Segment Start: GIVEN DATA

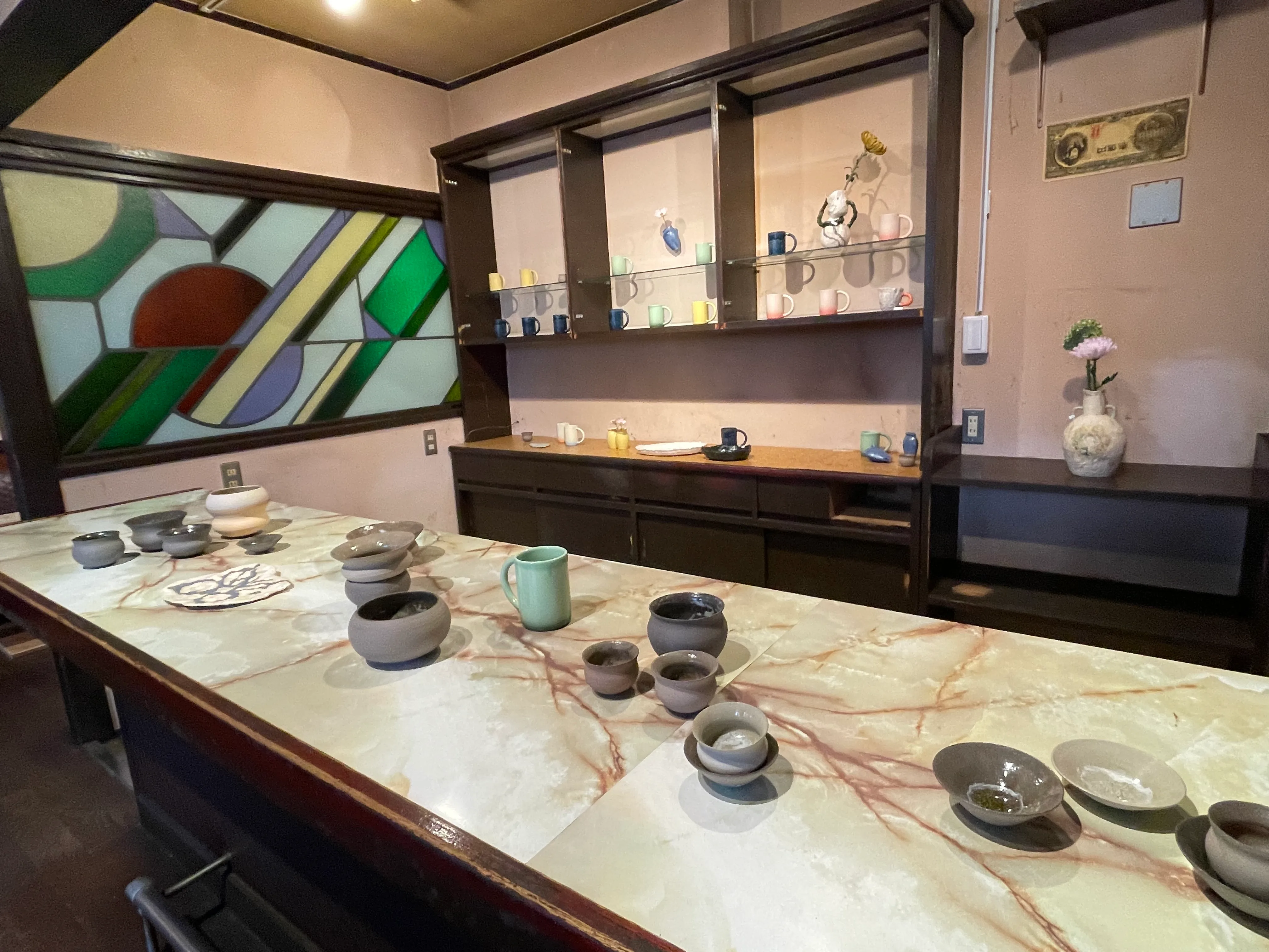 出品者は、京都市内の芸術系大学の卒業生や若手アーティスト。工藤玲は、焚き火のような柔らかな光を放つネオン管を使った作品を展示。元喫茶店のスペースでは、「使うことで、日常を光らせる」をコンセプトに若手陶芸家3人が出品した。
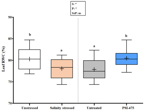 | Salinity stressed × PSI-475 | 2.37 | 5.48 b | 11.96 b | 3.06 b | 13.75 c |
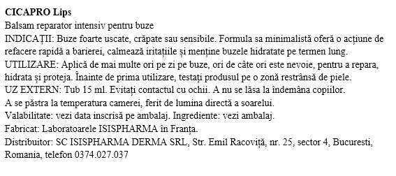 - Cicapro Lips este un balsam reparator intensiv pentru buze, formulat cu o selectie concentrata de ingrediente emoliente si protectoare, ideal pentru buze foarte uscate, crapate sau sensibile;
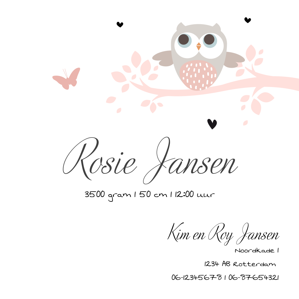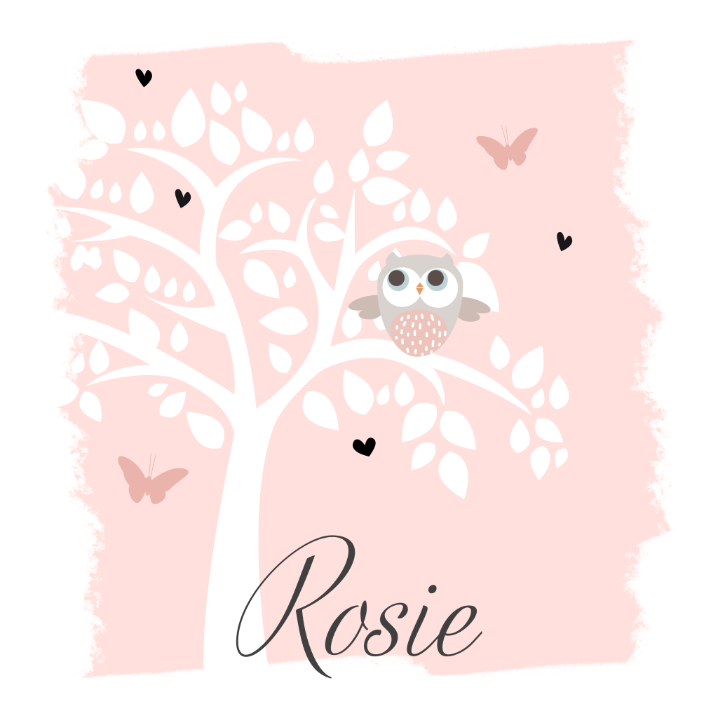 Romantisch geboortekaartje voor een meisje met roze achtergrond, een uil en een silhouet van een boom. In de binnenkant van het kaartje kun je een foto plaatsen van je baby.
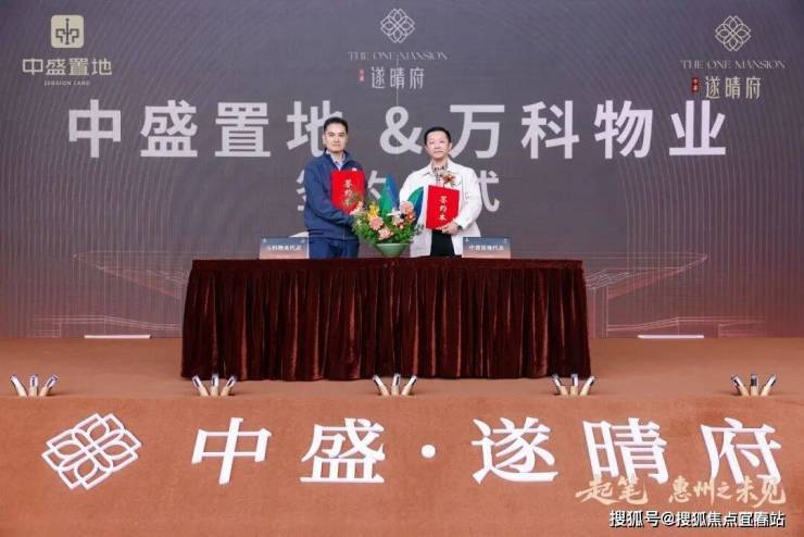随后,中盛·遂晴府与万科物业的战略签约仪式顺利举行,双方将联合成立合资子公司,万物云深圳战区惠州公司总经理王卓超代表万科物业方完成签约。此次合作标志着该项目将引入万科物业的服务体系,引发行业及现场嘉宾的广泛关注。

Segment End: GIVEN DATA
Segment Start: GIVEN DATA

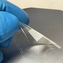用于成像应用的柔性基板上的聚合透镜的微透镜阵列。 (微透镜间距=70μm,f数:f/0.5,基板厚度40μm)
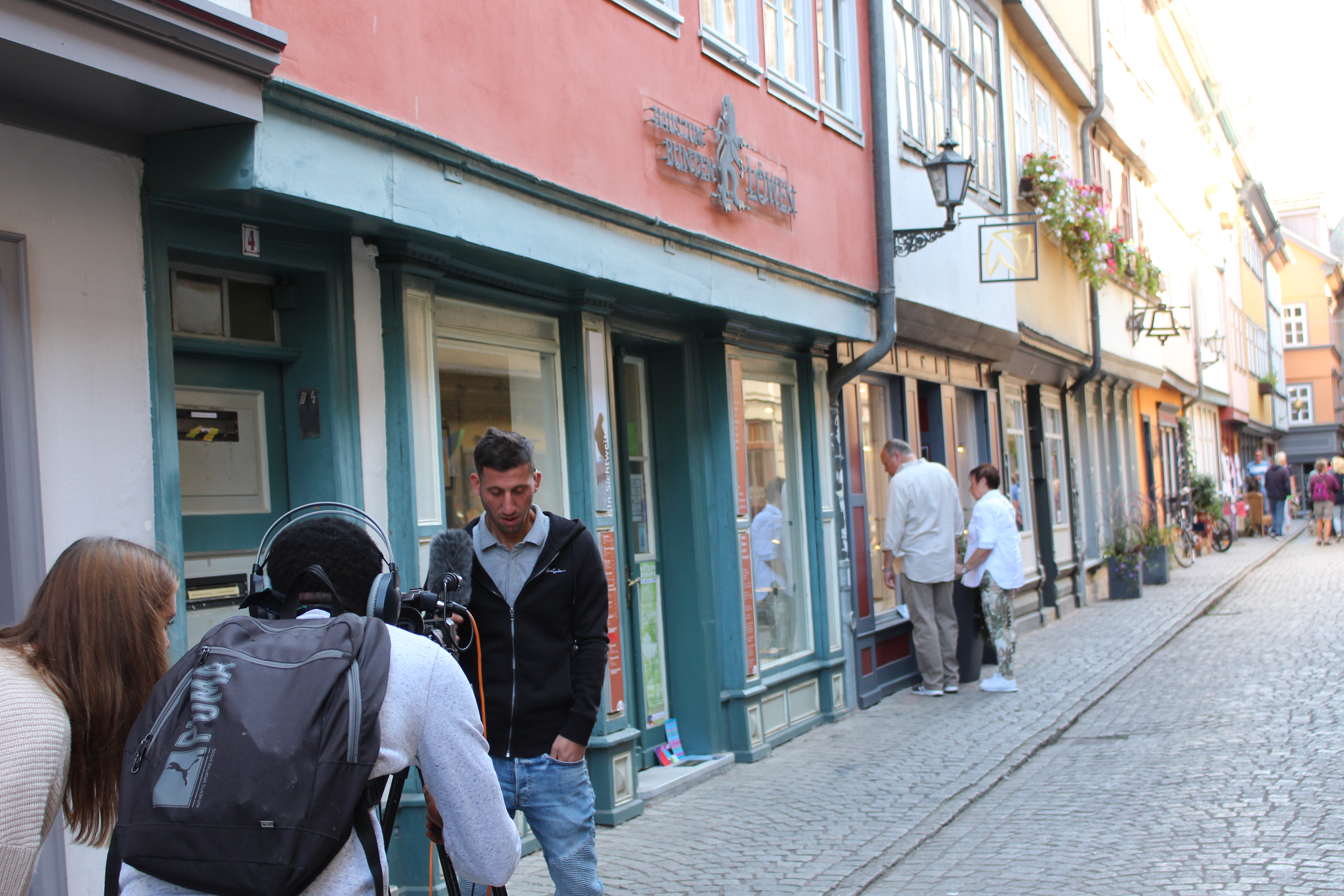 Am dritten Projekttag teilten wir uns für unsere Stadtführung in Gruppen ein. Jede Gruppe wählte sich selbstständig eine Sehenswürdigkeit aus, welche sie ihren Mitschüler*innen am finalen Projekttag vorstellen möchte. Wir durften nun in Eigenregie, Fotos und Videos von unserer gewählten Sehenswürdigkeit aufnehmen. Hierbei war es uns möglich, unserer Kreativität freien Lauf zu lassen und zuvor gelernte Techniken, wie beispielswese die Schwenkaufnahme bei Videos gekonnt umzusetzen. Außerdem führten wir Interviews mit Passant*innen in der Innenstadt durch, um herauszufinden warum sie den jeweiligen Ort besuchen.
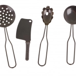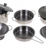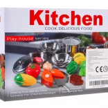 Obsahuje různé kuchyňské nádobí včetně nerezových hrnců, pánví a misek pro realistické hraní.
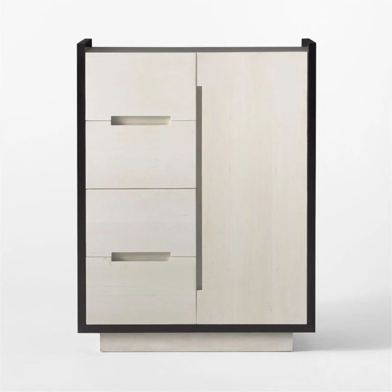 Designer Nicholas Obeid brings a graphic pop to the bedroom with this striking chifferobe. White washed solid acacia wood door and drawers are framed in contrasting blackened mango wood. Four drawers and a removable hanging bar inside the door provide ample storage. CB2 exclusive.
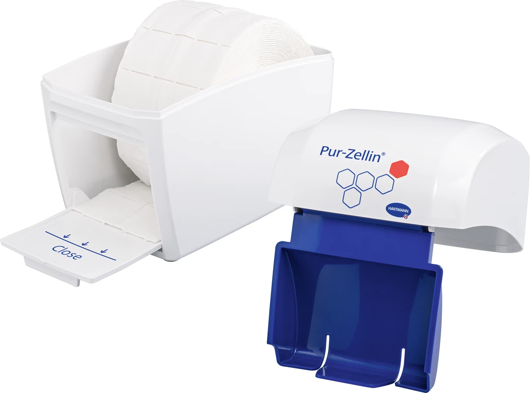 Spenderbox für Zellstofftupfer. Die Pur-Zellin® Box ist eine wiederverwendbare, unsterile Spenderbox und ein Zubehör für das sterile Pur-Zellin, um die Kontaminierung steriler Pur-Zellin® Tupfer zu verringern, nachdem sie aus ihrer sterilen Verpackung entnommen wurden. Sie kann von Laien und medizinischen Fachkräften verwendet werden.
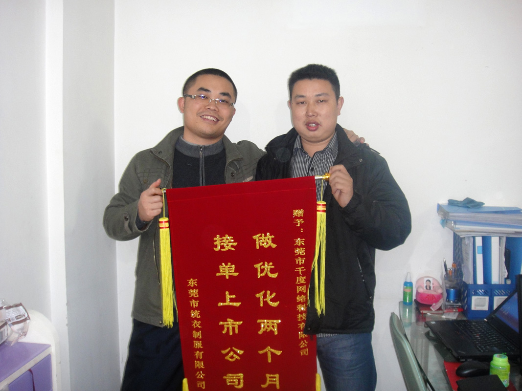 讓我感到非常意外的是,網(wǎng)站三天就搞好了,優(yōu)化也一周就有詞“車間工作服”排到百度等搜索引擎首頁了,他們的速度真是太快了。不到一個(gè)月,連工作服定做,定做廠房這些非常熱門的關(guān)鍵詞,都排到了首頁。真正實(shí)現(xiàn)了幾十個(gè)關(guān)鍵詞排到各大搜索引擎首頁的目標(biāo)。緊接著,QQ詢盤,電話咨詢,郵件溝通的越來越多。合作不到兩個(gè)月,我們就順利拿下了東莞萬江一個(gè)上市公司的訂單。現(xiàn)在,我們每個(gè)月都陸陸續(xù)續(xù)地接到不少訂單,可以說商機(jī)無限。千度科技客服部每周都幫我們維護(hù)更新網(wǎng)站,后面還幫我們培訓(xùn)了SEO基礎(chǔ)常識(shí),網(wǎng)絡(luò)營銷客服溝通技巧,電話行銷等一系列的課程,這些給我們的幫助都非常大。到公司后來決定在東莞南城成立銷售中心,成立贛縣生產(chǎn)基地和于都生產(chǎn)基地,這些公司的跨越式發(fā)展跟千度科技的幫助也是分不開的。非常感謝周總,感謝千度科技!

Segment End: GIVEN DATA

§ WHAT IS EXPECTED: Reproduce, exactly and only, the lines of the records above starting at the line with "- Cicapro Lips" and ending at the line with "随后,中盛·遂晴府与万科物业", both included. Leave every picture out.

§ SOLUTION TO THIS PROBLEM:
 - Cicapro Lips este un balsam reparator intensiv pentru buze, formulat cu o selectie concentrata de ingrediente emoliente si protectoare, ideal pentru buze foarte uscate, crapate sau sensibile;
 Romantisch geboortekaartje voor een meisje met roze achtergrond, een uil en een silhouet van een boom. In de binnenkant van het kaartje kun je een foto plaatsen van je baby.
随后,中盛·遂晴府与万科物业的战略签约仪式顺利举行,双方将联合成立合资子公司,万物云深圳战区惠州公司总经理王卓超代表万科物业方完成签约。此次合作标志着该项目将引入万科物业的服务体系,引发行业及现场嘉宾的广泛关注。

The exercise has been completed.